━━━━━ Dataset excerpt

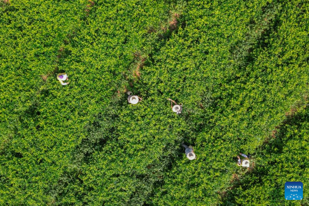 Villagers harvest vine tea at a vine tea plantation in Laifeng County of Enshi Tujia and Miao Autonomous Prefecture, central China's Hubei Province, Aug. 2, 2025. Laifeng County has leveraged comprehensive industrial chain development to optimize the business ecosystem for vine tea cultivation. The county has expanded its vine tea plantations to 102,000 mu (about 6,800 hectares), generating an annual output value of 2.253 billion yuan (about 321.4 million U.S. dollars). The industry has lifted household incomes for over 20,000 rural families. (Xinhua/Du Zixuan)
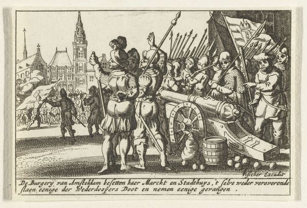 Curator: This engraving, likely produced sometime between 1618 and 1624, is titled "Wreedheden te Rotterdam, 1572", which translates to "Atrocities in Rotterdam, 1572". Editor: Goodness, it’s a rather grim scene. A chaotic dance of bodies—some upright, some… not so much. It feels staged, like a macabre theatre production, with that jeering audience of soldiers in the background. Curator: Indeed. This print, etched by an anonymous hand, offers a glimpse into the tumultuous history of the early Dutch revolt. Observe the level of detail achieved solely through the method of engraving, creating such depth with dense cross-hatching. Notice also how the violence plays out against the clean architectural lines and carefully placed figures in the composition. Editor: What I find so compelling is the stark contrast between the rigid formality of the soldiers and the messy reality of violence enacted in the foreground. The artist obviously aimed to display what the impact of such action might be on both the immediate victims and broader public society. Look at those textures. They bring you into the grit and dirt, as well as provide great technical and representational information regarding military uniforms. Curator: It certainly highlights the cold, detached efficiency of the oppressor. The print uses clear and precise linework to portray the horrors inflicted upon the citizens. The contrast between light and shadow dramatizes the scene, adding emotional intensity. Editor: Engravings like this served as a powerful tool of propaganda. Their relative ease of production meant these could quickly reach a wide audience and further enrage an oppressed people into organized revolt. It asks us to engage and confront questions of authority, obedience, and the potential consequences of conflict on human lives, both past and present. Curator: Reflecting on the print, I’m struck by how it reminds us of art's ability to both record history and shape public perception. It reminds us how violence often casts a long shadow. Editor: Yes, indeed. Beyond aesthetics, “Atrocities in Rotterdam” speaks of our intrinsic responsibility, and the powerful intersection of art and resistance to injustice.
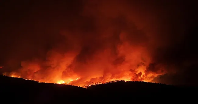 Orman yangınına 12 uçak, 18 helikopter, 343 kara aracı ve 1300 personelle müdahale ediliyor.
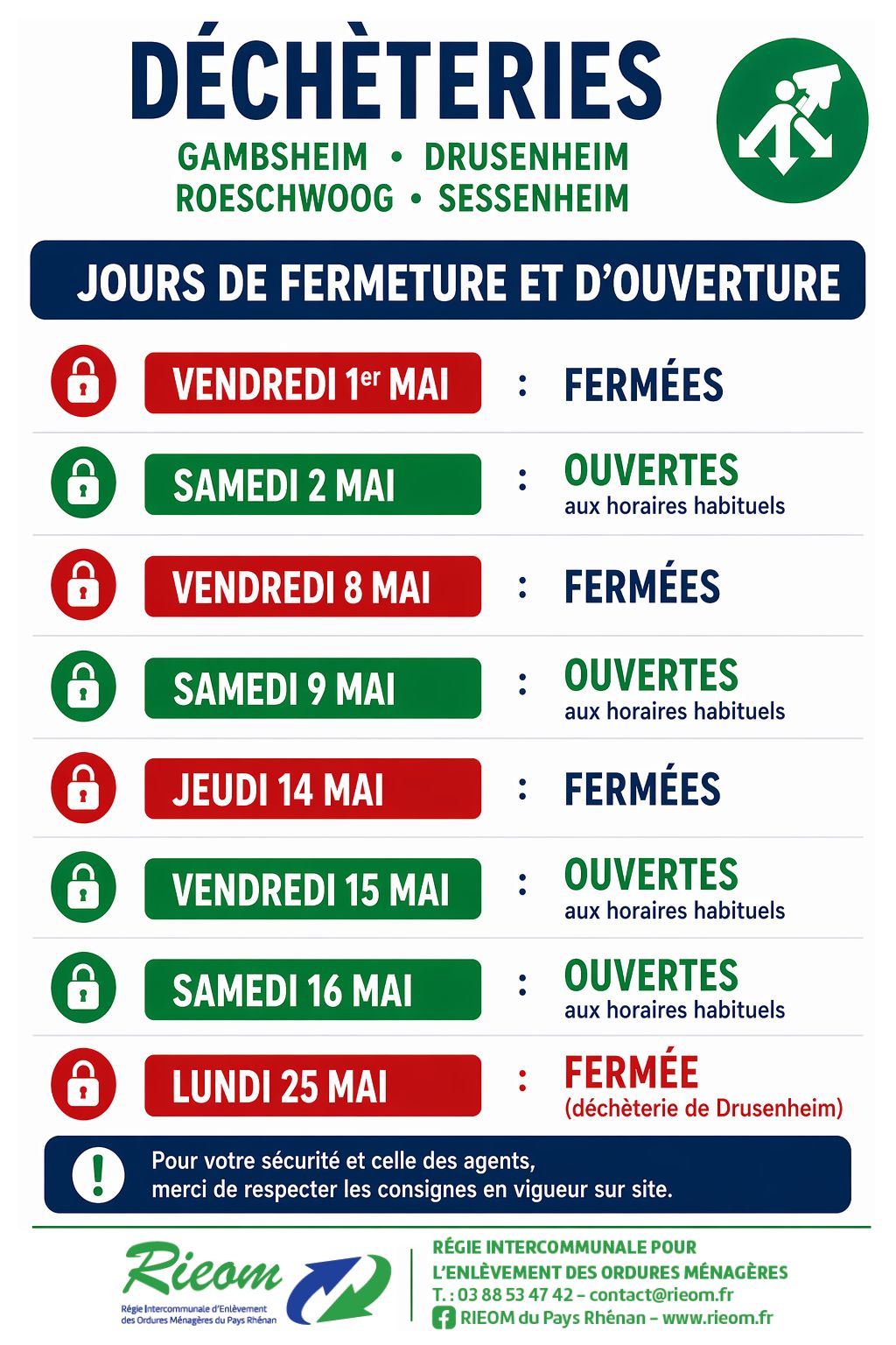 Les déchèteries de Gambsheim, Drusenheim, Roeschwoog et Sessenheim seront fermées les jours fériés.

━━━━━━━━━━

Problem requirements: Only what runs from the line with "Orman yangınına 12" through the last line of the listing above belongs in the answer, set down exactly and free of pictures.

Solution below:
 Orman yangınına 12 uçak, 18 helikopter, 343 kara aracı ve 1300 personelle müdahale ediliyor.
 Les déchèteries de Gambsheim, Drusenheim, Roeschwoog et Sessenheim seront fermées les jours fériés.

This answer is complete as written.